GIVEN RECORDS.
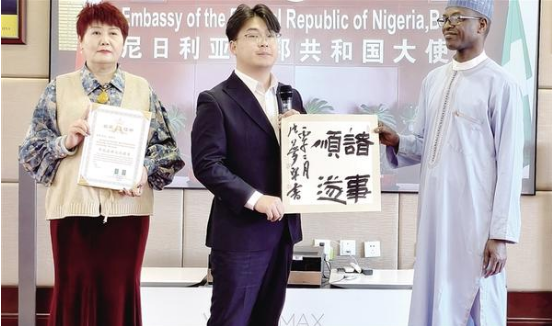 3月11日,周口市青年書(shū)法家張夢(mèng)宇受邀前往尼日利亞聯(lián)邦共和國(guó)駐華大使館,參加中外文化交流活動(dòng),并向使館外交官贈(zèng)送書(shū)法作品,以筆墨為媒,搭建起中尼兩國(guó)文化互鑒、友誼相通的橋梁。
==
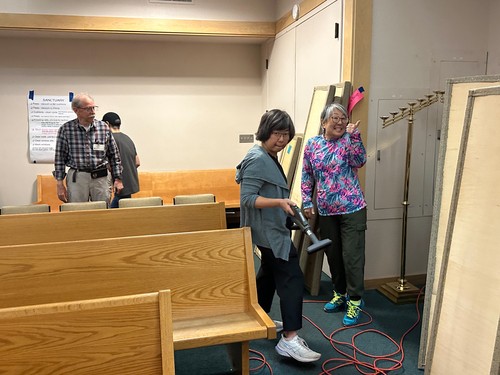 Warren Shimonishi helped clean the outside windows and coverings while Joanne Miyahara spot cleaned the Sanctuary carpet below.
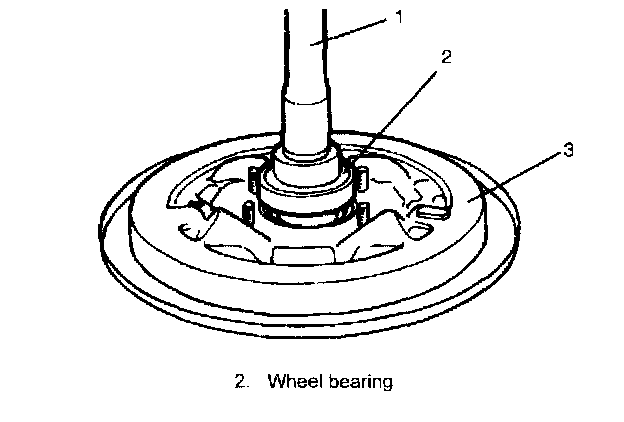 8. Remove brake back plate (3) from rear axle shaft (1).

TASK DETAILS.
Using the entries above, extract exactly the lines from the one that contains "Warren Shimonishi helped" through the one that contains "8. Remove brake". Do not carry over any pictures.

RESPONSE TO THIS EXERCISE.
 Warren Shimonishi helped clean the outside windows and coverings while Joanne Miyahara spot cleaned the Sanctuary carpet below.
 8. Remove brake back plate (3) from rear axle shaft (1).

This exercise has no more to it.